>>>

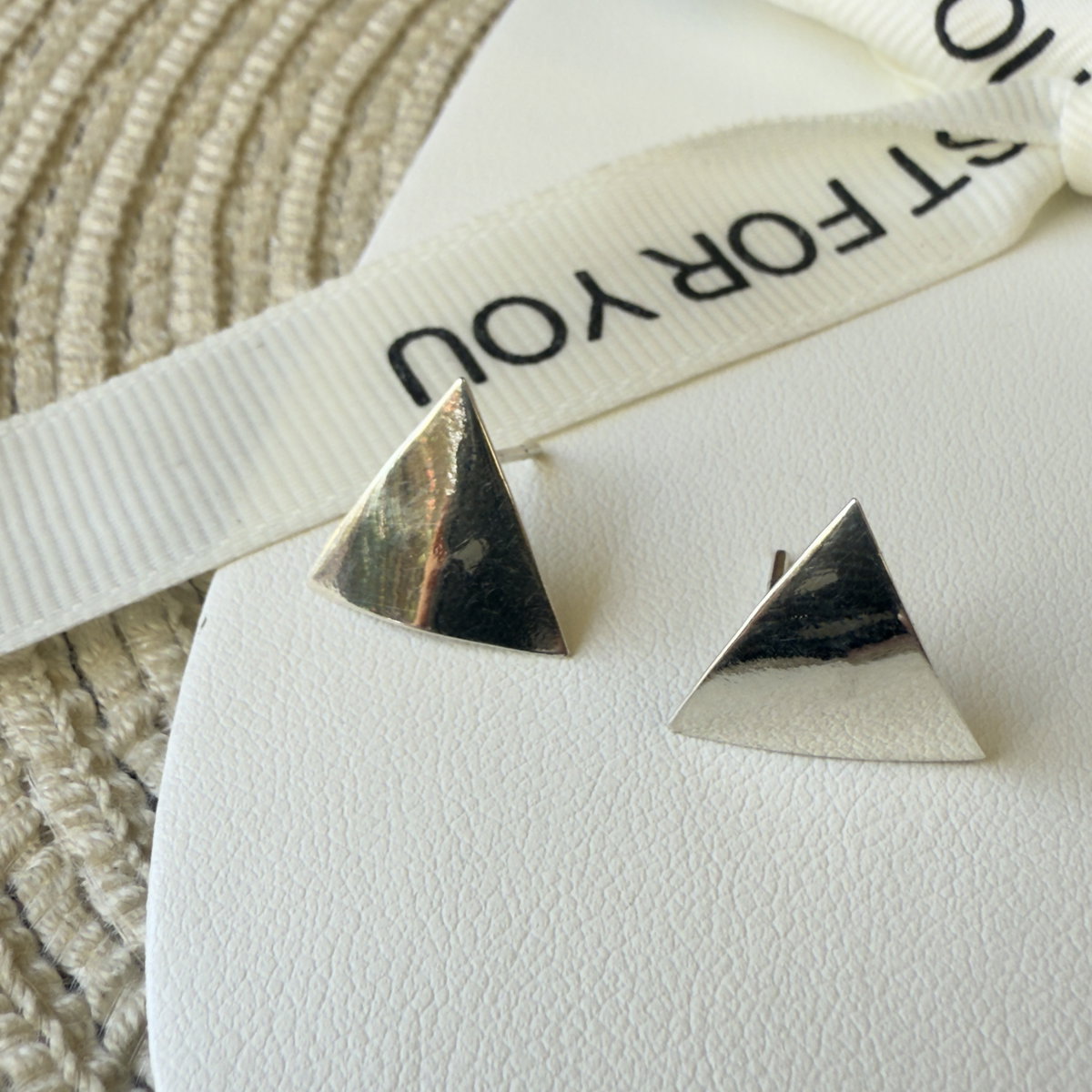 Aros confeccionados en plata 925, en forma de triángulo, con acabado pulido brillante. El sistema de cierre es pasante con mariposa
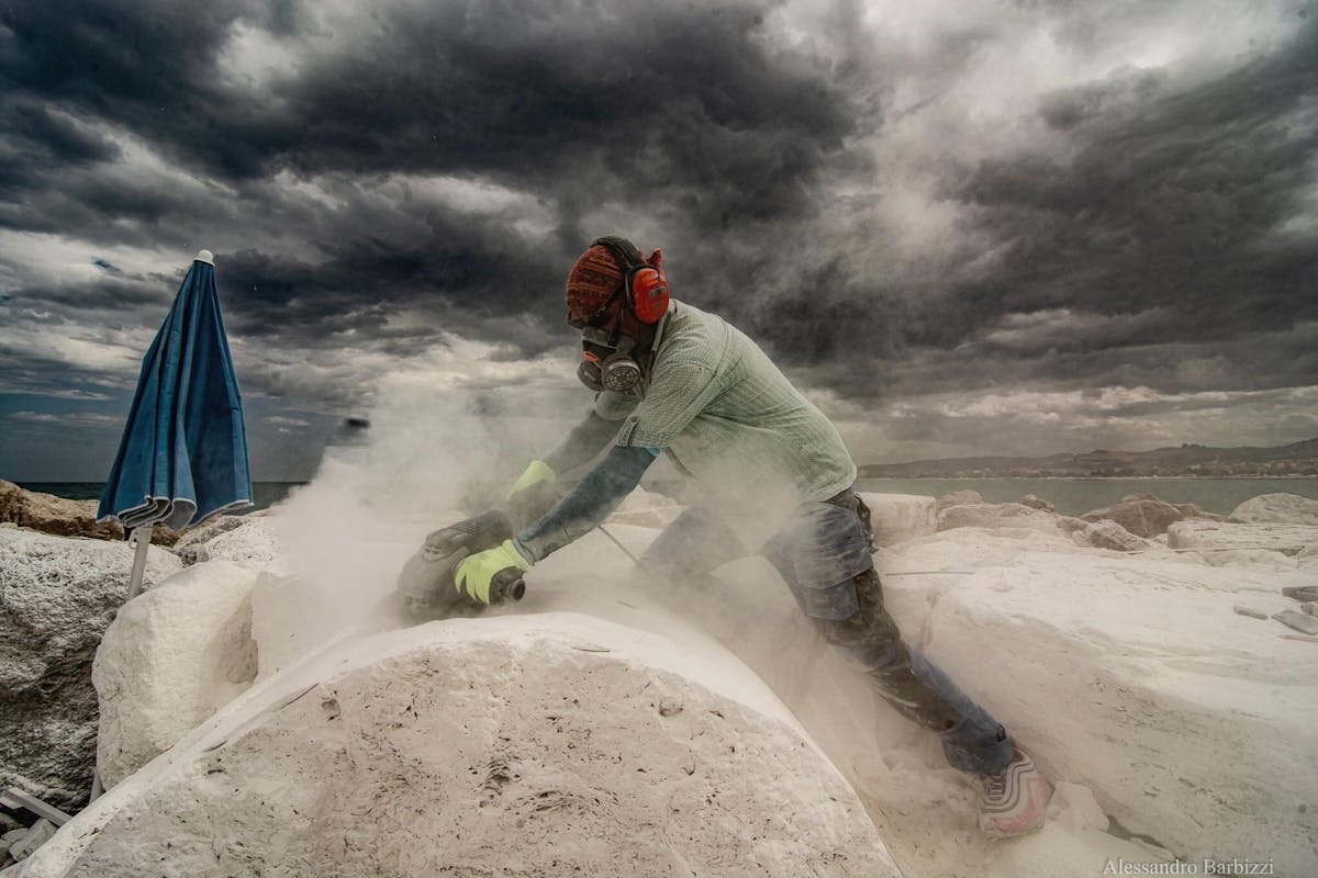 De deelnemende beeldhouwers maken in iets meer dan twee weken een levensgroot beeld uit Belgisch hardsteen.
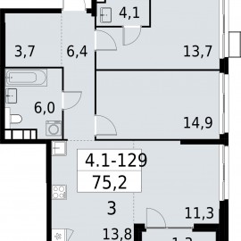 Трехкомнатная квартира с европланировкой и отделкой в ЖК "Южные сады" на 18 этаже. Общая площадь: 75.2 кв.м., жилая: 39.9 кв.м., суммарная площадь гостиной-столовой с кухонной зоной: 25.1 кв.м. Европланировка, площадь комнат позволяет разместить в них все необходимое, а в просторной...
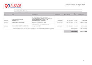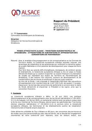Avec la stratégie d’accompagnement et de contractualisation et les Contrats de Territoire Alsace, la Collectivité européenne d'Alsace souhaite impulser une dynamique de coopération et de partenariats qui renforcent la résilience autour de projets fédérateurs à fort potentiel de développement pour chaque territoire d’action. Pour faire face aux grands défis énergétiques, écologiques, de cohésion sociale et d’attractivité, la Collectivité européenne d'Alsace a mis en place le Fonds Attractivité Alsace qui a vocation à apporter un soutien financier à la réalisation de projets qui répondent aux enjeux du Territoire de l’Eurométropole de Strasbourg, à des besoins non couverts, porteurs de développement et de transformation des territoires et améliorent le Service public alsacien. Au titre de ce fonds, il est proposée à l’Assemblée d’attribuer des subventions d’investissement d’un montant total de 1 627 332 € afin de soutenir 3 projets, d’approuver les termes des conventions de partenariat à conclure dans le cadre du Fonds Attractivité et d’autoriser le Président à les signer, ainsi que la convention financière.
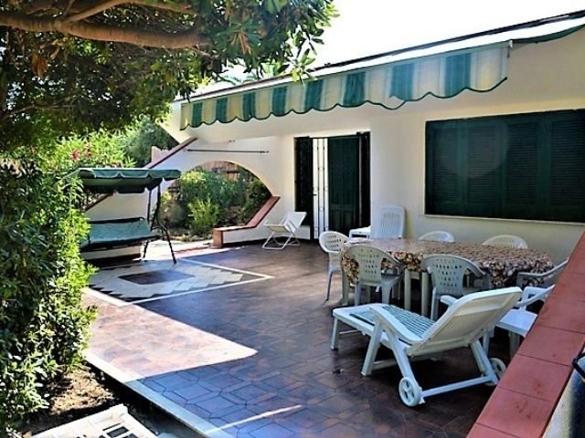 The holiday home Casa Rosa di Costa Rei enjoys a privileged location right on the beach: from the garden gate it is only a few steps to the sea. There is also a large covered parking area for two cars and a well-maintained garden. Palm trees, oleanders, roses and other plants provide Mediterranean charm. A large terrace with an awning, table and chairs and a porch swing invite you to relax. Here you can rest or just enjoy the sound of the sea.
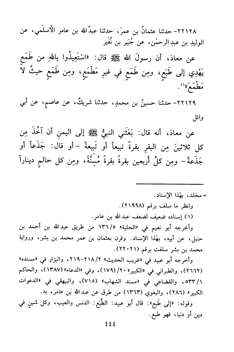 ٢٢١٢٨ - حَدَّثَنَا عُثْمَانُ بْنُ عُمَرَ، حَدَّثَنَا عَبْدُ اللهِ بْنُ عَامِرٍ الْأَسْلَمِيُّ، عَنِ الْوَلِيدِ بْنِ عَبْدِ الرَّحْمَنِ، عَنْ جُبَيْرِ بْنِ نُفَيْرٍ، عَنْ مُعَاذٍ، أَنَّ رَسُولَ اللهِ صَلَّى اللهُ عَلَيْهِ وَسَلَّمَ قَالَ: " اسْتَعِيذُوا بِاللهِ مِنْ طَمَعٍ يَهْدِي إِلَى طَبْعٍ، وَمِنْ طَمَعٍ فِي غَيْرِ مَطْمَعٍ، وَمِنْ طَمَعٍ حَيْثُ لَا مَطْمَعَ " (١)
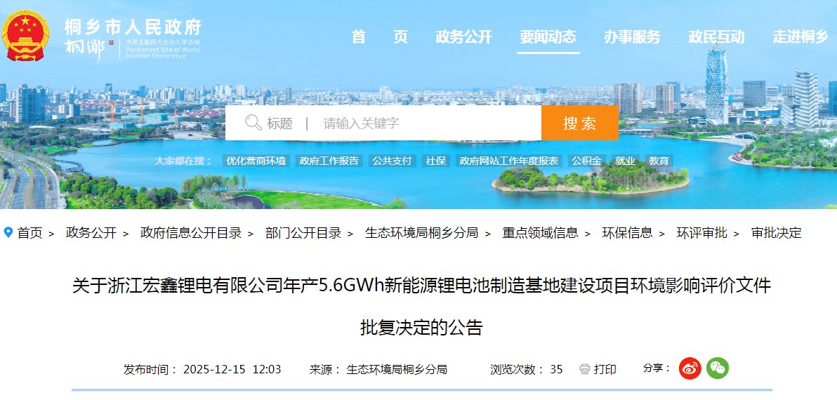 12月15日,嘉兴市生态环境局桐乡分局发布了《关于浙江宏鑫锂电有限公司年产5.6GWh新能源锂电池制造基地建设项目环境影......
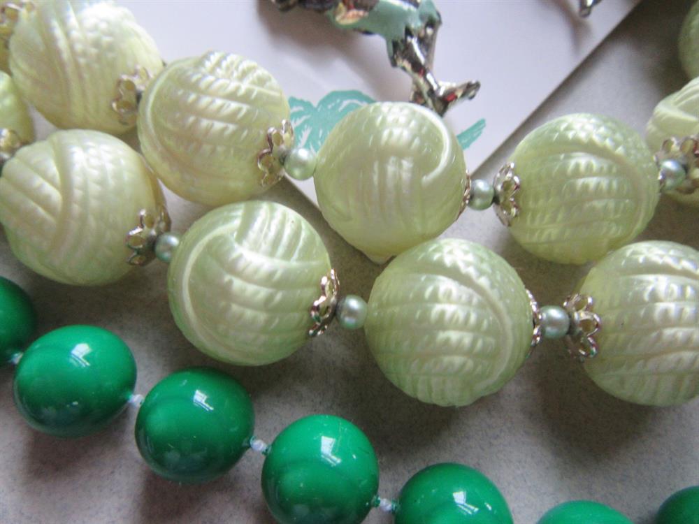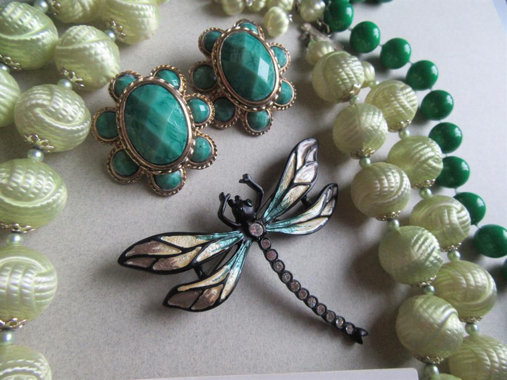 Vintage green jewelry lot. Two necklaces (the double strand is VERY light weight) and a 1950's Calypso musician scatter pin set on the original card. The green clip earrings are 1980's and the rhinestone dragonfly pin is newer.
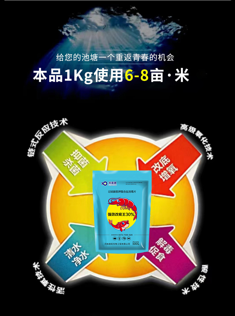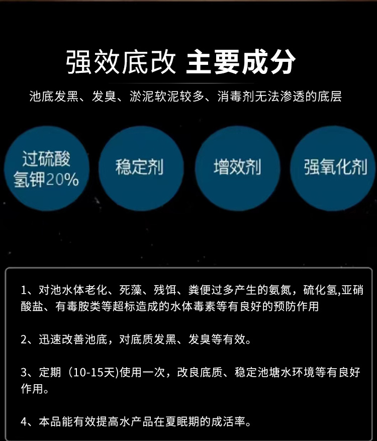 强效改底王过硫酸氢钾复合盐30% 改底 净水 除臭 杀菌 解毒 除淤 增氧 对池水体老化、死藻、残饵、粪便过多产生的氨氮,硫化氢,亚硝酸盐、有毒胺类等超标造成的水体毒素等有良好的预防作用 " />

<<<

### Exercise objective
In the answer, set down only the lines from the opening line of the listing through the line that holds "De deelnemende beeldhouwers", exactly as they appear, minus the pictures.

### Reply
 Aros confeccionados en plata 925, en forma de triángulo, con acabado pulido brillante. El sistema de cierre es pasante con mariposa
 De deelnemende beeldhouwers maken in iets meer dan twee weken een levensgroot beeld uit Belgisch hardsteen.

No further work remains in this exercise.